** Opening The input block **

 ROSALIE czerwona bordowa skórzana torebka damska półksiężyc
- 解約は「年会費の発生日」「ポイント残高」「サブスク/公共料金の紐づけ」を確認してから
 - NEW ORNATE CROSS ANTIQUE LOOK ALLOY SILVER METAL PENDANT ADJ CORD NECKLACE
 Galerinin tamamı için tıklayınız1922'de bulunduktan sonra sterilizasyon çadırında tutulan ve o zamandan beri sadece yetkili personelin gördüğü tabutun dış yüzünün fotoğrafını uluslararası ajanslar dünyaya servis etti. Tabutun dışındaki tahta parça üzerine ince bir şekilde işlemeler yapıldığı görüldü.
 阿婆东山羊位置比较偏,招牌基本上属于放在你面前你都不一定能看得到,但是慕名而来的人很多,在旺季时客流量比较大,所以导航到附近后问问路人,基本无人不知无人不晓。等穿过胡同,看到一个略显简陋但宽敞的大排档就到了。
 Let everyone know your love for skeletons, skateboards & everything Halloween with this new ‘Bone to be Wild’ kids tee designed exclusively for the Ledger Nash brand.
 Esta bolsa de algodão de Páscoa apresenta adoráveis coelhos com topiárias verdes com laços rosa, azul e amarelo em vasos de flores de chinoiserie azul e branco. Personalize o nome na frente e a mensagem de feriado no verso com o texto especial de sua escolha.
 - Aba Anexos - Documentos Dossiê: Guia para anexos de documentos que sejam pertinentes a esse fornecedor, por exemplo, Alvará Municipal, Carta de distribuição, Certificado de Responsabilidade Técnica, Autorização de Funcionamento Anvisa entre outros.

** Closing The input block **

• Try it: Your output must be an exact copy of every entry.

• Output of the exercise:
 ROSALIE czerwona bordowa skórzana torebka damska półksiężyc
- 解約は「年会費の発生日」「ポイント残高」「サブスク/公共料金の紐づけ」を確認してから
 - NEW ORNATE CROSS ANTIQUE LOOK ALLOY SILVER METAL PENDANT ADJ CORD NECKLACE
 Galerinin tamamı için tıklayınız1922'de bulunduktan sonra sterilizasyon çadırında tutulan ve o zamandan beri sadece yetkili personelin gördüğü tabutun dış yüzünün fotoğrafını uluslararası ajanslar dünyaya servis etti. Tabutun dışındaki tahta parça üzerine ince bir şekilde işlemeler yapıldığı görüldü.
 阿婆东山羊位置比较偏,招牌基本上属于放在你面前你都不一定能看得到,但是慕名而来的人很多,在旺季时客流量比较大,所以导航到附近后问问路人,基本无人不知无人不晓。等穿过胡同,看到一个略显简陋但宽敞的大排档就到了。
 Let everyone know your love for skeletons, skateboards & everything Halloween with this new ‘Bone to be Wild’ kids tee designed exclusively for the Ledger Nash brand.
 Esta bolsa de algodão de Páscoa apresenta adoráveis coelhos com topiárias verdes com laços rosa, azul e amarelo em vasos de flores de chinoiserie azul e branco. Personalize o nome na frente e a mensagem de feriado no verso com o texto especial de sua escolha.
 - Aba Anexos - Documentos Dossiê: Guia para anexos de documentos que sejam pertinentes a esse fornecedor, por exemplo, Alvará Municipal, Carta de distribuição, Certificado de Responsabilidade Técnica, Autorização de Funcionamento Anvisa entre outros.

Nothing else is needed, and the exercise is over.